In the following, we introduce the dataset used for both types of evaluation, and describe the applicationindependent vocabulary quality measures that are examined in Sect. 4. The vocabulary usefulness is discussed in Sect. 5.
Dataset. We adopt the HDM05 dataset [13] of 3D skeleton sequences, which consists of 2, 345 labeled actions categorized in 130 classes. The actions capture exercising and daily movement activities with the sampling frequency of 120 Hz and track 31 skeleton joints. The action length ranges from 13 frames (108 ms) to 900 frames (7.5 s). We use this dataset to evaluate the MW usefulness in two applications: a kNN classification of actions, and a similar action search. These applications do not require complex retrieval algorithms and allow us to clearly show the effect of MWs on application effectiveness.

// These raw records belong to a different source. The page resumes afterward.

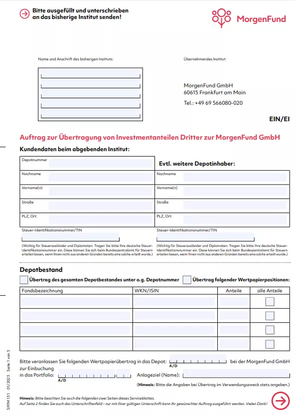 Kostenloses Formular zum vorzeitigen Auflösen Ihres VL-Vertrags herunterladen und problemlos Ihr Morgenfund Depot auflösen. Schnelle und einfache Abwicklung garantiert.
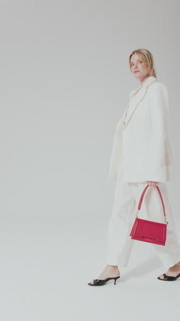 Die BITTI wird an der Vorderseite mit einem Schnappverschluss geöffnet. Im Inneren hat die Tasche zwei Fächer und ein zusätzliches offenes Fach auf der Rückseite und ist mit Suedine (Viskose) gefüttert. Die Tasche ist aus weichem und geschmeidigem Rindsleder gefertigt. Mit dem abnehmbaren Lederschulterriemen können Sie die Umhängetasche auch als Crossbody-Bag tragen.
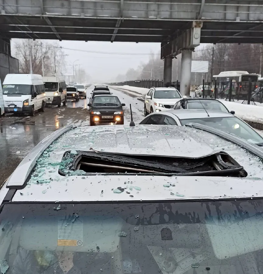 Похожая ситуация случилась позже на улице Урицкого - льдина повредила капот и разбила лобовое стекло.

Both the vocabulary construction and the applicationindependent quality assessment are designed for completely unlabeled segment data, which we extract from the HDM05 dataset as follows. We divide each action synthetically into a sequence of overlapping segments. As recommended in [3], we fix the segment length to 80 frames and the segment overlap to 64 frames, so the segments are shifted by 16 frames. This generates 28 k segments in total, with 12 segments per action on average. We also downsample the segments to 12 frames per second. The similarity of any two segments is determined by the Dynamic Time Warping (DTW), where the pose distance inside DTW is computed as the sum of Euclidean distances between the 3D coordinates of the corresponding joints.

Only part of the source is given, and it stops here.